14 April 2008
by Simon Quicke
When the question was asked about the likely themes at the Information Security event in London, a number of angles emerged, but none so predominant as the clear consensus around protecting sensitive data.
A combination of government data leaks and a greater awareness of the dangers of social networking websites have created an atmosphere where individuals and businesses are looking for help to secure their data.
The penny seems to have finally dropped that those hacking into data and stealing laptops are doing so with criminal intent. Few people can fail to have noticed in the blizzard of publicity that this is about crime, money and – in extreme cases – sexual peversion. One thing it is clearly no longer about is teenage hackers showing off.
The other challenge for the security channel is that not only are threats continually emerging but the rules of the game have changed since Web 2.0.
"Web 2.0 threats to date have been largely untouched by most ‘traditional’ security solutions. Reputation-based security may well take centre stage," said Mike Smart, EMEA product manager at Secure Computing.
Data leakage, identity management and access controls being the hot potatoes, the channel needs an insight into the solutions they can be pitching to customers.
"A lot has been made of the importance of encryption tools, but to keep their confidential information safe, organisations need to adopt a layered approach to security," said Stephen Millard, vice-president of strategy at Clearswift.
David Vella, director of product management at Gfi, said there would inevitably be concerns around emerging threats.
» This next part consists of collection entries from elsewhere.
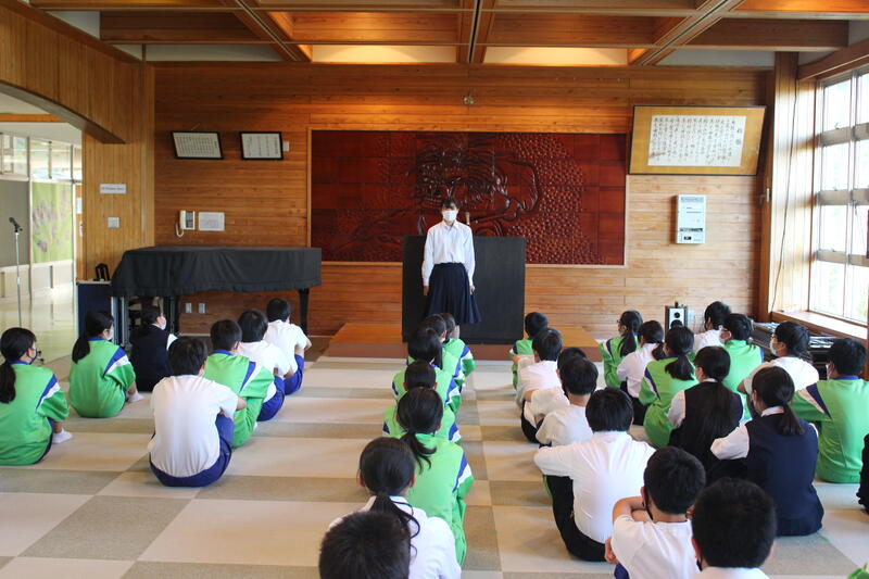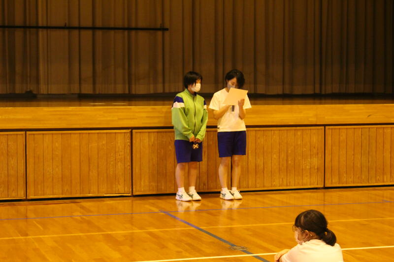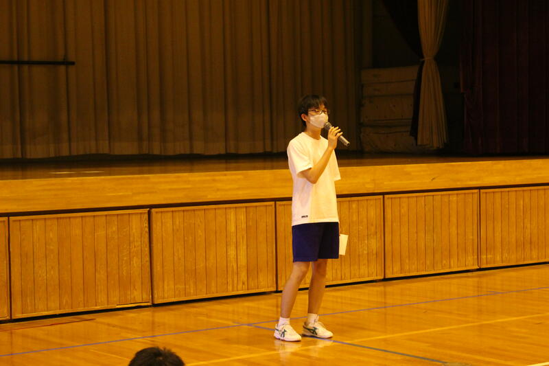 ついての作文を発表し、続いて、生徒会役員がスライドを用いて学校行事や委員会活動
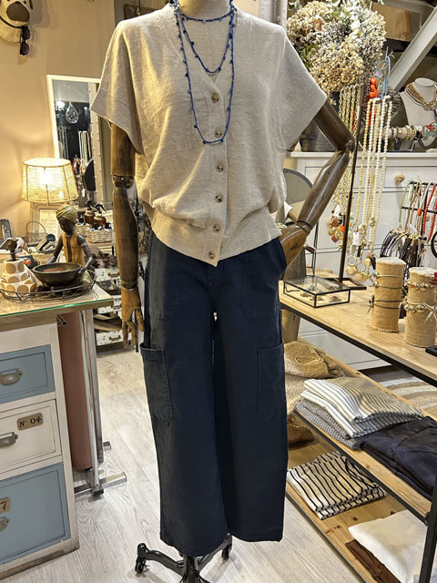 Pantalón recto tobillero de loneta de algodón en marino
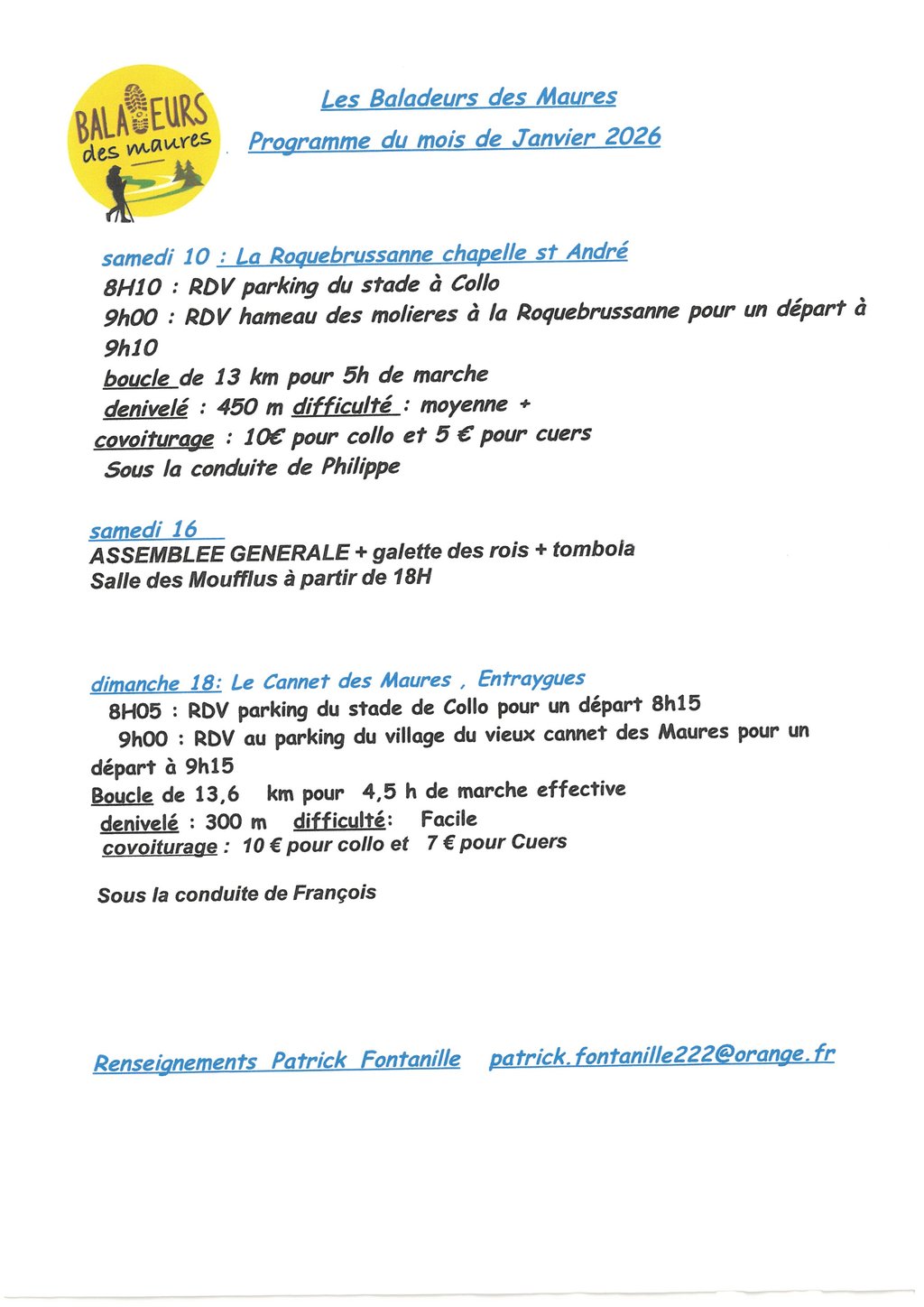 LES BALADEURS DES MAURES : PROGRAMME DE JANVIER 2026
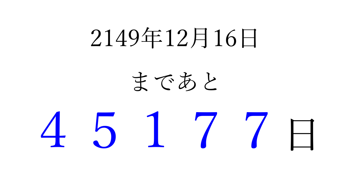 2149年12月16日(火)まで あと 99999 日です 追加すると、トップページからすぐ選べるようになります ※2026/04/08現在の結果です。 最新の状態に更新する ↓シェアして、タイムライン上にカウントダウンを表示しよう!↓ 📤 この結果を共有する Tweet シェア Threads Bluesky 別の日付でカウントダウン 2149年12月のカレンダー このページをブックマークに追加すると、いつでもカウントダウンを確認できます。 (PC: Ctrl+D / Mac: ⌘+D) hitome-notes.comでは以下のページも運営しています。 指定日と期間から日付を計算 | ガチャ確率計算・シミュレーション | プライバシー・ポリシー 運営者:Avocado
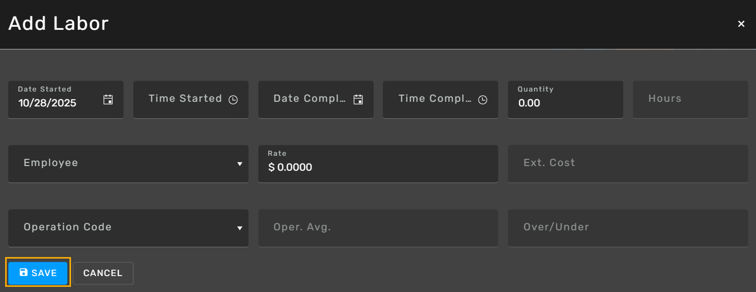 The Date Started field will default to the current date. After entering labor information, select Save to save the record.

"The growing need to safeguard the individual’s identity and personal information will be a pressing issue for many. How best to address the threat posed by new technologies such as VoIP, the increase in the number of mobile users as well as ‘traditional’ threats such as spam and phishing will be key topics," he said.
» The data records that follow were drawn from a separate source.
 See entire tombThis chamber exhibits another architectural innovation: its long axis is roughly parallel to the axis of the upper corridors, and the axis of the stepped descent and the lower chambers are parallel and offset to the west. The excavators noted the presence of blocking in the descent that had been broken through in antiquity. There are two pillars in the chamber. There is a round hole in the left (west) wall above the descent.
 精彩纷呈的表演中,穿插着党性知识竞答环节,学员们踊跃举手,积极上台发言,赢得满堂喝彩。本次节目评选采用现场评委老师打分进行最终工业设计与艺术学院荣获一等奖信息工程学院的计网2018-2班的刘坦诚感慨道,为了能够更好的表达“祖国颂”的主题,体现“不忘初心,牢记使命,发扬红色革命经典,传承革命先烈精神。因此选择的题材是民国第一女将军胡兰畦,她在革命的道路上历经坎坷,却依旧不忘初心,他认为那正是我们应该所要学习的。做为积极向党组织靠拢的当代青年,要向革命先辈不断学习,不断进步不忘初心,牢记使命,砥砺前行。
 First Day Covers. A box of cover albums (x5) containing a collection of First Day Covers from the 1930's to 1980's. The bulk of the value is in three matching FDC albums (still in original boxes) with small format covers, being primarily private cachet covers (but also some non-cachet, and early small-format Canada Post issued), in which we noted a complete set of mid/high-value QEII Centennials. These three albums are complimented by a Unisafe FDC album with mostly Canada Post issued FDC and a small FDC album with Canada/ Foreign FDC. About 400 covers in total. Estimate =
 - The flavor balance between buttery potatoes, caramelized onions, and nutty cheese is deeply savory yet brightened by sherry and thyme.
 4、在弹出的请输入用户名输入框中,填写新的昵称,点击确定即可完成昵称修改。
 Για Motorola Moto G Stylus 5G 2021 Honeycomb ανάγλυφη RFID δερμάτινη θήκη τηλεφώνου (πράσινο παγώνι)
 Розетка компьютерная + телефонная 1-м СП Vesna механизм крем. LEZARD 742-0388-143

One of the biggest challenges most companies are facing is balancing the demands of staff for more remote access and flexible working with the need to keep the network secure.
Anton Grashion, security strategist at Juniper Networks, said there were numerous platforms staff could use and plenty for customers to think about.
"The diversity of end-point devices and touch-down points can lead to security policy confusion," he added. "For the enterprise, a co-ordinated approach to end-point, remote-access and network access control from a variety of devices and operating systems is essential."
Resellers should get closer to the customer. Paul Davie, founder of Secerno, poined out that prevention rather than cure is going to be a sensible sales pitch.
"This year’s Infosec will at last unveil a revised emphasis on prevention rather than simple detection. This year’s obsession with monitoring and auditing clearly hasn’t helped even the Government keep its own house in order," he said.
Resellers that make the effort to familiarise themselves with the latest developments will be best placed to gain the consultancy and services business.
"UK firms are faced with some unique data security challenges including data privacy, subject access requests and the Freedom of Information Act, plus a constant stream of regulations coming from the EU," summarised Brian Bennett, managing director of Mimosa Systems UK.
In addition to protection, there will be a green tinge to the market with customers looking for resellers pitching environmentally sound packages.
"Secure virtualisation for green IT will undoubtedly be a major talking point," said Smart at Secure Computing.
Fear central
In the run-up to the InfoSec show, some surveys have come out to highlight current areas of concern towards data security.
-Sixty-eight per cent of employees admitted to bypassing their employers’ information-security controls to do their jobs, according to research from IT Governance Limited.
-According to research from Neverfail, more than 50 per cent of companies surveyed reported they are consolidating all their email servers into a single data centre in one geographic location. However, less than one per cent said they were protecting these systems with redundant servers in case of disaster.
-AIIM, the Enterprise Content Management (ECM) Association, has announced the results of its annual user survey, reporting that 63 per cent of respondents had little or no confidence that emails related to commitments and obligations made by themselves and their staff were recorded, complete and recoverable.